NEWPORT NEWS, Va. – It's been 30 years since a project in Miami-Dade County found that blasting wastewater with electrons could clean it, removing all kinds of stuff, from microorganisms to harsh chemicals.
All that was needed was some intrepid scientist or engineer to come up with an accelerator that was cost-effective, compact and user-friendly enough to clean wastewater on an industrial scale.
The world is still waiting for it.
Many countries have been inching forward in using accelerators for environmental remediation — removing toxic dyes from wastewater at a textile factory in South Korea, for instance, or sulfur dioxides and nitrogen oxides from flue gases at a power plant in Poland. But such devices are still too big and unreliable.
Physicists at Jefferson Laboratory in Virginia are working on two designs that they hope could change that. Fay Hannon is dreaming up a low-energy, portable accelerator for environmental cleanup, while Gianluigi "Gigi" Ciovati is figuring out how to use a commercial cryocooler to stabilize a more powerful accelerator he's designing.
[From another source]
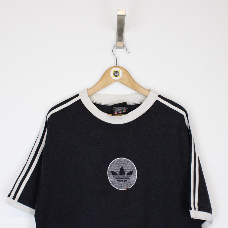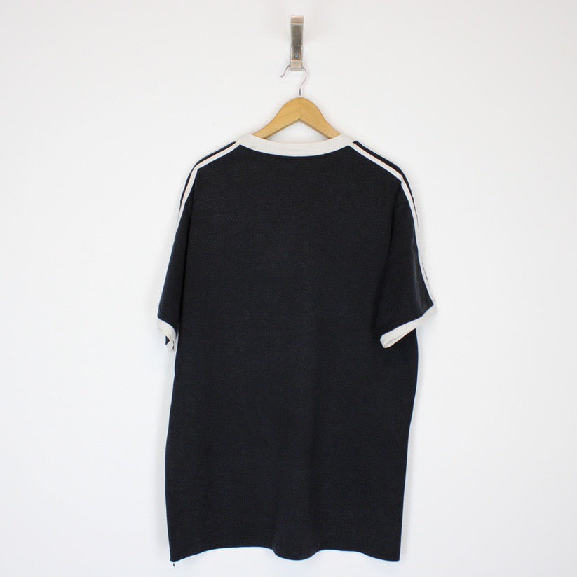 Vintage 90's Adidas Black and White Crew Neck Spellout Short Sleeve T-Shirt Size on label: Large Our recommended size: XL Pit to pit (inches): 24 Length (inches): 34.5 All products listed are vintage unless stated otherwise in the description. These items are pre-loved and pre-worn, resulting in small signs of wear and fading. We think this adds to their unique authenticity, but if an item has any major flaws these will be stated. - The t-shirt does have a small mark to the bottom of the logo, this is reflected in the price Please contact us if you have any further questions!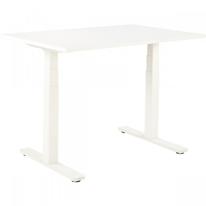 Bureau assis debout L120 cm Boost plateau blanc/ piètement blanc. Plateau en mélaminé épaisseur 25 mm. Chants antichoc 2mm. Livré avec boitier de commande. Vitesse de progression maximum 40 mm/s. Hauteur réglable de 65 à 130 cm. Silencieux (<45dB). 3 positions mémorisables. Prise USB et USB-C. Piètement carré et barre stabilisante centrale. Charge maximale 120 kg. Garantie 5 ans.

"I'm of a generation where environmental protection really weighs on your mind," Hannon said. "In this case, wastewater treatment is not my specialty, but providing the resource that can do that is."
Hannon considers herself an electrical engineer turned physicist. "I've always been interested in things working nicely and neatly and being able to predict it," she said.
Now she's trying to design a nice, neat and predictable accelerator. "It's the wall-plug power, what you're pulling from the grid to operate this, and how much dose you get from that — that's the real step forward that we're trying to make," Hannon said.